--- EXERCISE DESCRIPTION ---
Keep images out and repeat all data exactly.

-------- STORED DATA --------

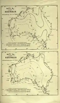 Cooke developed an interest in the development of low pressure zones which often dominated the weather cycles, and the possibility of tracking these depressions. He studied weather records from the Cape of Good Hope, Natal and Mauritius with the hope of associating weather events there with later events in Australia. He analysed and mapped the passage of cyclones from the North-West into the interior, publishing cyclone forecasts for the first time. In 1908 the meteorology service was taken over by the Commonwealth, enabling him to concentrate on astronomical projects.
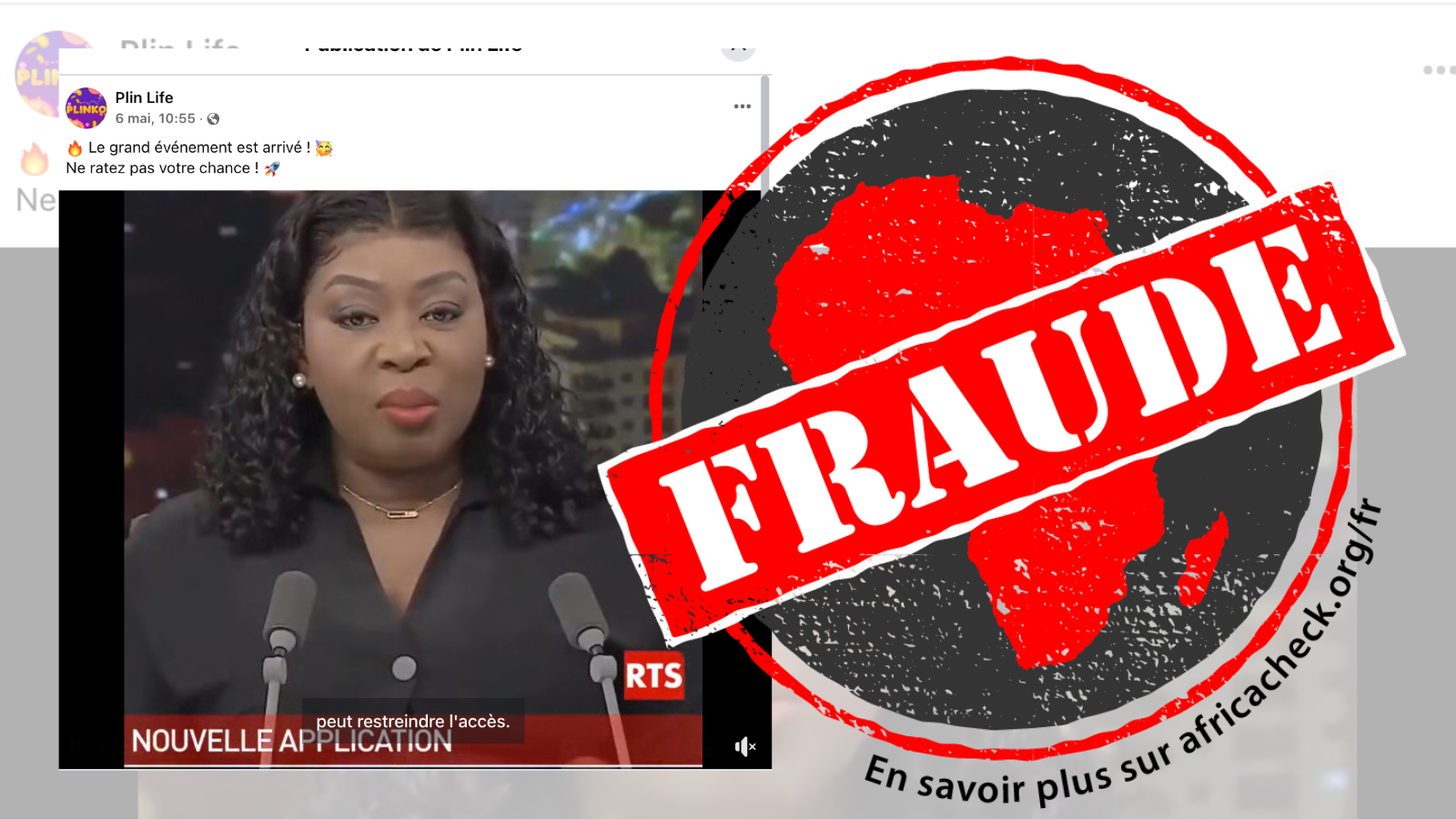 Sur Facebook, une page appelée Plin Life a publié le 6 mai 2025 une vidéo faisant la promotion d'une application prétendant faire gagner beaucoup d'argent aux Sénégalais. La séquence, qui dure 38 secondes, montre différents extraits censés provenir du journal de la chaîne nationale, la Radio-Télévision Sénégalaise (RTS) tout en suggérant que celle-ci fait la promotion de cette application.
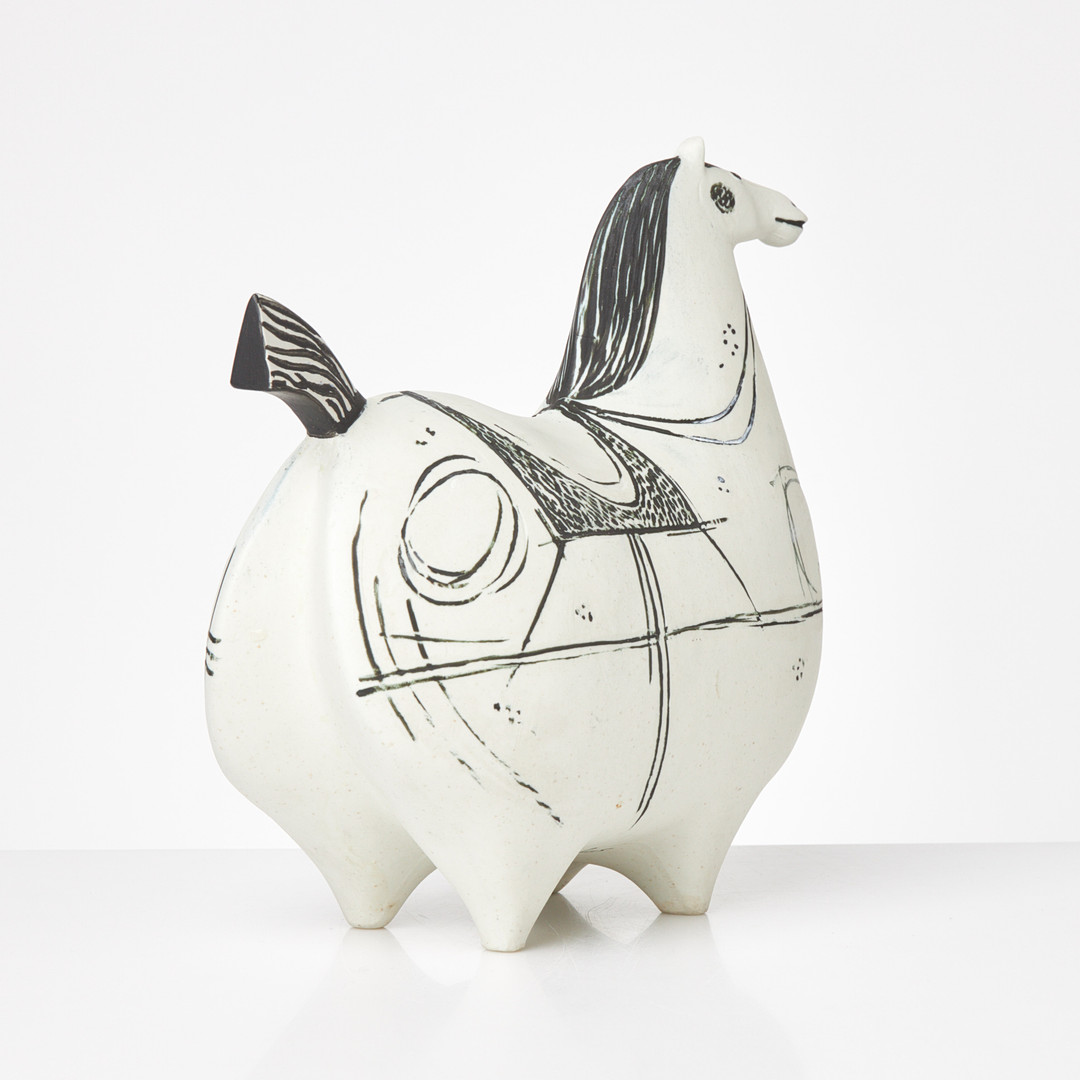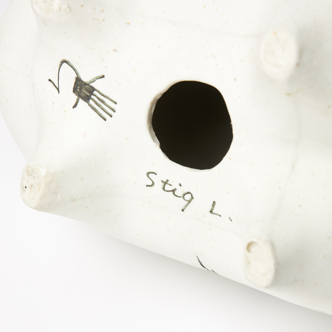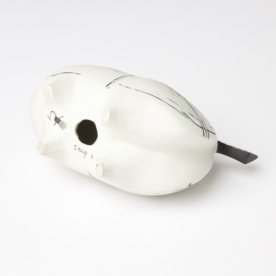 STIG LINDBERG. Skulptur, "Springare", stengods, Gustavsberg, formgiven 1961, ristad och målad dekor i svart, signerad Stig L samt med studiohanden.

--------

--- ANSWER TO THIS PROBLEM ---
 Cooke developed an interest in the development of low pressure zones which often dominated the weather cycles, and the possibility of tracking these depressions. He studied weather records from the Cape of Good Hope, Natal and Mauritius with the hope of associating weather events there with later events in Australia. He analysed and mapped the passage of cyclones from the North-West into the interior, publishing cyclone forecasts for the first time. In 1908 the meteorology service was taken over by the Commonwealth, enabling him to concentrate on astronomical projects.
 Sur Facebook, une page appelée Plin Life a publié le 6 mai 2025 une vidéo faisant la promotion d'une application prétendant faire gagner beaucoup d'argent aux Sénégalais. La séquence, qui dure 38 secondes, montre différents extraits censés provenir du journal de la chaîne nationale, la Radio-Télévision Sénégalaise (RTS) tout en suggérant que celle-ci fait la promotion de cette application.
 STIG LINDBERG. Skulptur, "Springare", stengods, Gustavsberg, formgiven 1961, ristad och målad dekor i svart, signerad Stig L samt med studiohanden.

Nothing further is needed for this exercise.